### Supplied information
************
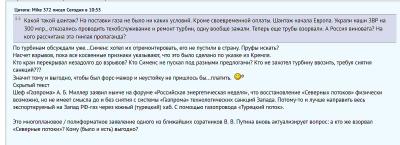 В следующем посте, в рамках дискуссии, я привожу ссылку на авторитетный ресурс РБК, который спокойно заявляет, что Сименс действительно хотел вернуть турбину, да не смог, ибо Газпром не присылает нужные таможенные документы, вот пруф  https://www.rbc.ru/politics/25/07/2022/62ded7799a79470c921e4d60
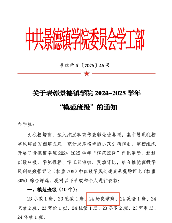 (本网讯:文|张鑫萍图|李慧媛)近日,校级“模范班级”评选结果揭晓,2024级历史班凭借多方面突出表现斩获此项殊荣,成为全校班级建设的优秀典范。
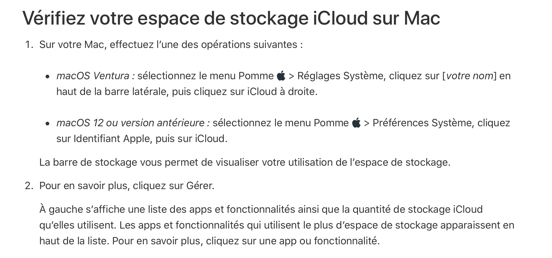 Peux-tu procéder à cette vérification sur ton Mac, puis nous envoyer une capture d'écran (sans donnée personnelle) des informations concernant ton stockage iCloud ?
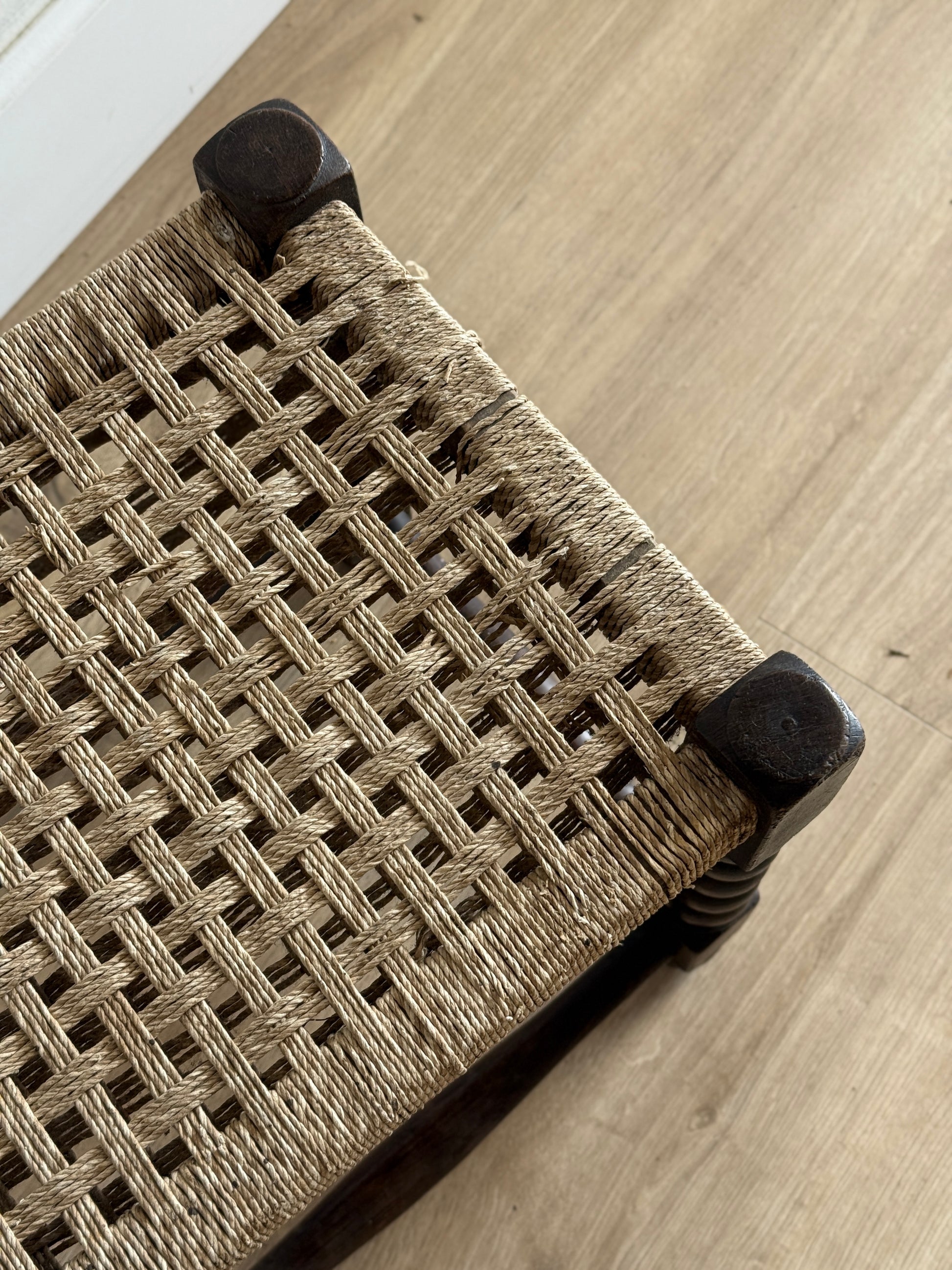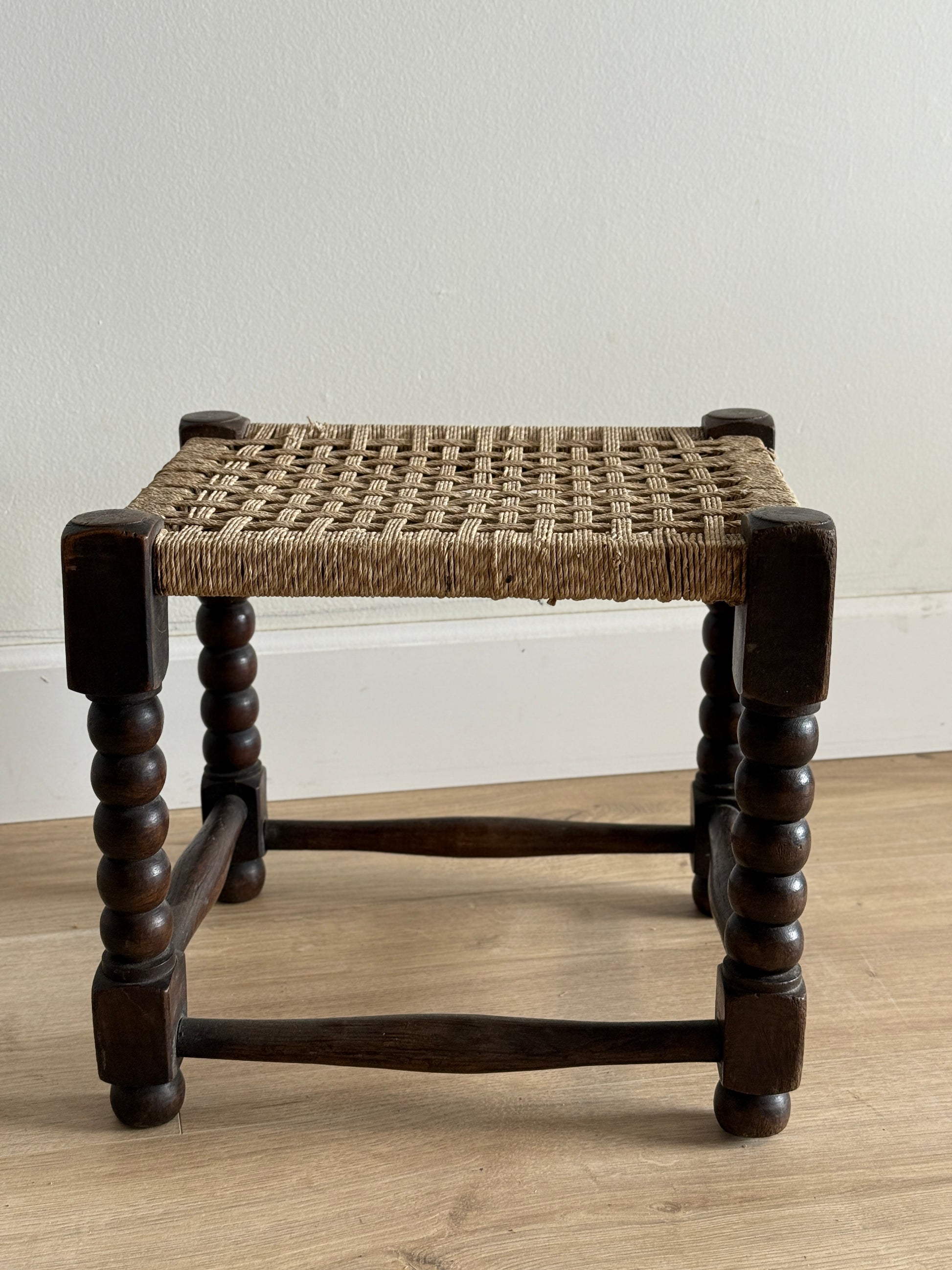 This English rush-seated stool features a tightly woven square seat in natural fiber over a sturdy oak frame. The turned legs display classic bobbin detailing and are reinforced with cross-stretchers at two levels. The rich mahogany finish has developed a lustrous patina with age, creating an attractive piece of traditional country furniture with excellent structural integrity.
************
### What you will do
Exactly restate the lines from the beginning of the data through the line with "Peux-tu procéder à", and no others, keeping pictures out.

### Solution to the exercise
 В следующем посте, в рамках дискуссии, я привожу ссылку на авторитетный ресурс РБК, который спокойно заявляет, что Сименс действительно хотел вернуть турбину, да не смог, ибо Газпром не присылает нужные таможенные документы, вот пруф  https://www.rbc.ru/politics/25/07/2022/62ded7799a79470c921e4d60
 (本网讯:文|张鑫萍图|李慧媛)近日,校级“模范班级”评选结果揭晓,2024级历史班凭借多方面突出表现斩获此项殊荣,成为全校班级建设的优秀典范。
 Peux-tu procéder à cette vérification sur ton Mac, puis nous envoyer une capture d'écran (sans donnée personnelle) des informations concernant ton stockage iCloud ?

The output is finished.